Seized British tanker ‘free’ to leave: Iran
LONDON: British Prime Minister Boris Johnson accused Tehran of being behind attacks on Saudi oil installations, in remarks to reporters en route to New York where he will meet with Iran’s president.
"I can tell you that the UK is attributing responsibility with a very high degree of probability to Iran for the Aramco attacks," he said, cited by Britain’s Press Association news agency on Monday.
He is due to meet with President Hassan Rouhani at the UN General Assembly in New York. He will also discuss the attacks at a joint meeting with French President Emmanuel Macron and German Chancellor Angela Merkel.
"We think it very likely indeed that Iran was indeed responsible for using both UAVs (unmanned aerial vehicles), both drones and cruise missiles," Johnson told reporters. "Clearly the difficulty is, how do we organise a global response? What is the way forward?
"And we will be working with our American friends and our European friends to construct a response that tries to de-escalate tensions in the Gulf region."
The United States has accused Tehran of carrying out air attacks on Saudi Arabia’s Abqaiq plant and the Khurais oil field on September 14, knocking out half the kingdom’s oil production.
Iran denies responsibility for the attacks which were claimed by Iranian-back Huthi rebels in Yemen. Johnson said: "Clearly if we are asked either by the Saudis or the Americans to have a role then we would consider in what way we could be useful."
The British premier also said he would raise the case of Nazanin Zaghari-Ratcliffe, a British-Iranian mother held in Tehran since 2016, when he meets with Rouhani. Johnson has been accused of making her plight worse when, in a previous job as foreign minister, he said she had been training journalists in Iran before she was arrested for sedition.
Her family strongly denies this and he swiftly backtracked. Zaghari-Ratcliffe, a project manager with the Thomson Reuters Foundation, the media group’s philanthropic arm, denies all charges.Meanwhile, Iran said on Monday that a British-flagged oil tanker is "free" to leave more than two months after it was seized in the Gulf.

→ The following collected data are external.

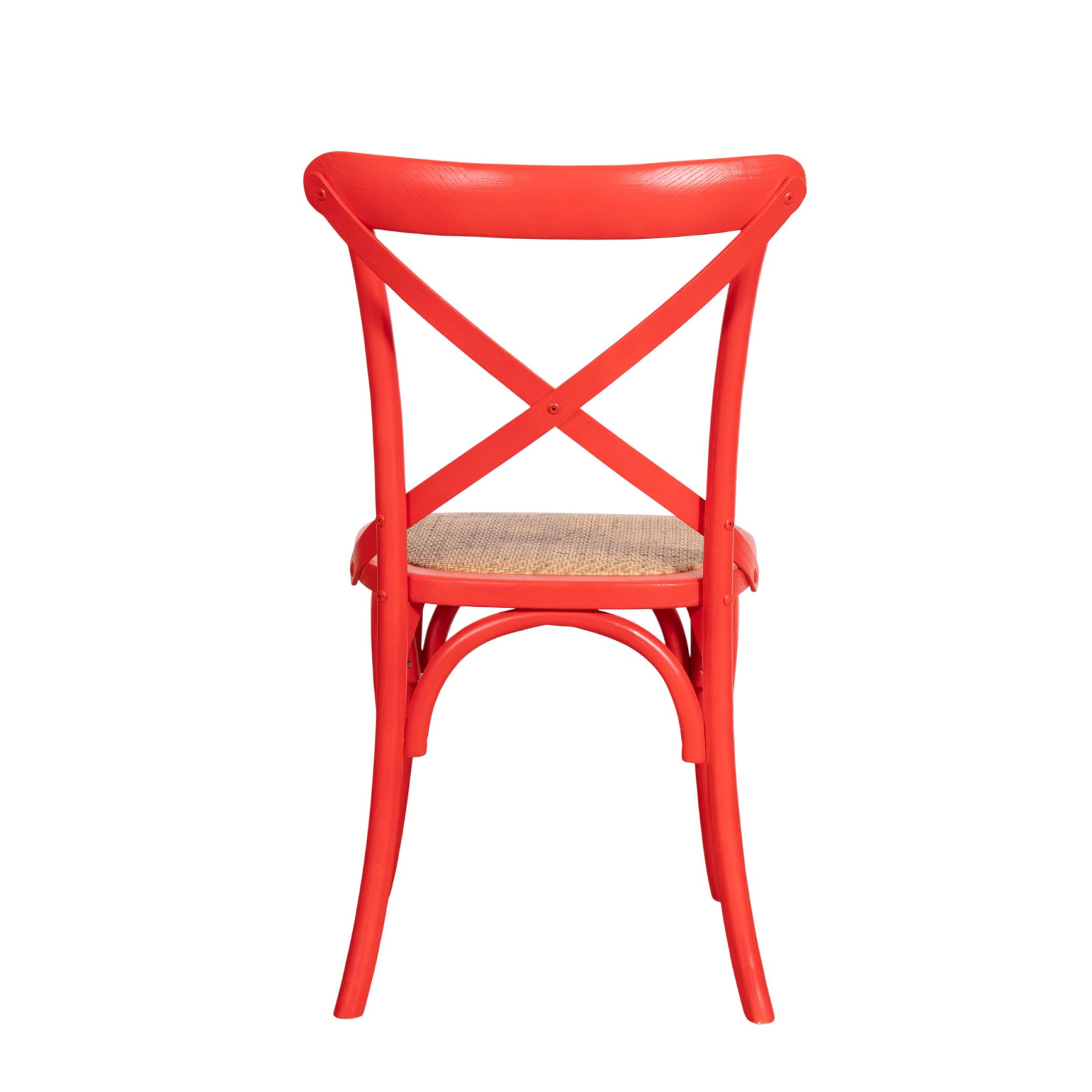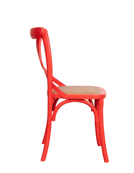 Стол Thonet Cross от масивно дърво и седалка от ратан с червено покритие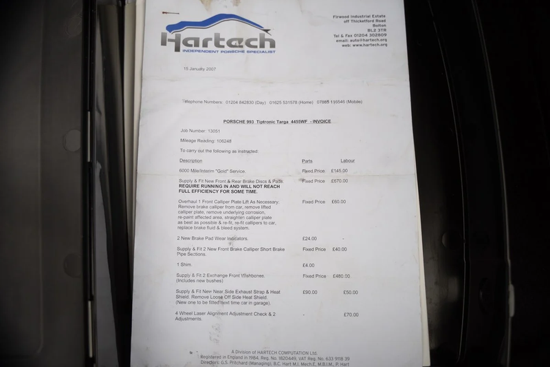 De markt lijkt de 993 te waarderen omdat hij het oorspronkelijke recept voor de luchtgekoelde motor mogelijk perfectiseert. Goede voorbeelden zoals deze, met indrukwekkend onderhoud door specialisten, springen eruit. Het komt op de markt met extra geruststelling van een APK geldig tot juni 2026 zonder afkeurpunten.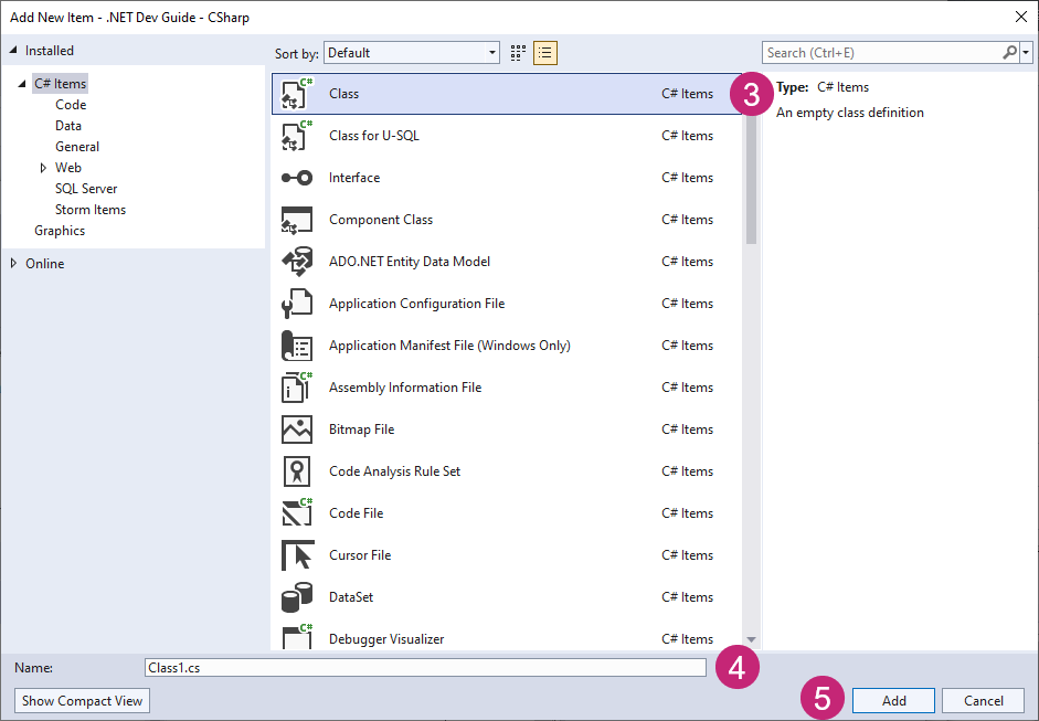 クラス モジュールや Windows フォームなどの新しい項目をプロジェクトに追加できます。その際に、項目のプロパティ(名前など)を更新したり、適切なコードを入力する必要があります。新しい項目に名前を付けるときは、今後のアプリケーションで他の開発担当者がその項目を使用する可能性があることを念頭に置いておく必要があります。社内で決められた命名規則や Microsoft が設定した標準に従う必要があります。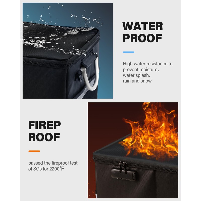 • Fire Safe Document Box: Our fireproof document box has passed the fireproof test of SGS, it can withstand in 2200℉ for a period of time, reserve time to save your important documents. the surface waterproof function, even accidentally spill water on it, or fire water, it is also very convenient to carry files outside on rainy days.

"The legal process has finished and based on that the conditions for letting the oil tanker go free have been fulfilled and the oil tanker can move," government spokesman Ali Rabiei told a news conference.
He did not specify when the Swedish-owned vessel would be allowed to set sail. The Islamic Revolutionary Guard Corps surrounded the Stena Impero with attack boats before rappelling onto the deck of the tanker in the Strait of Hormuz on July 19.
The vessel was impounded at Iran’s Bandar Abbas port for allegedly failing to respond to distress calls and turning off its transponder after hitting a fishing boat. Stena Bulk, the company that owns the tanker, said on Sunday that it expected the vessel to be released soon, but expressed caution about the situation.
"We understand that the political decision has been taken to release the ship," Stena Bulk’s chief executive Erik Hanell told Swedish television station SVT. "We hope it will be able to leave in a few hours, but we don’t want to take anything for granted. We want to make sure the ship sails out of Iranian territorial waters," he said.
The ship’s seizure came hours after a court in the British overseas territory of Gibraltar said it was extending the detention of the Grace 1, an Iranian oil tanker later renamed the Adrian Darya 1.
At the time, Tehran denied the seizure of the Stena Impero was a tit-for-tat move. A Gibraltar court ordered the Iranian tanker’s release on August 15 despite an 11th-hour US legal bid to keep it in detention.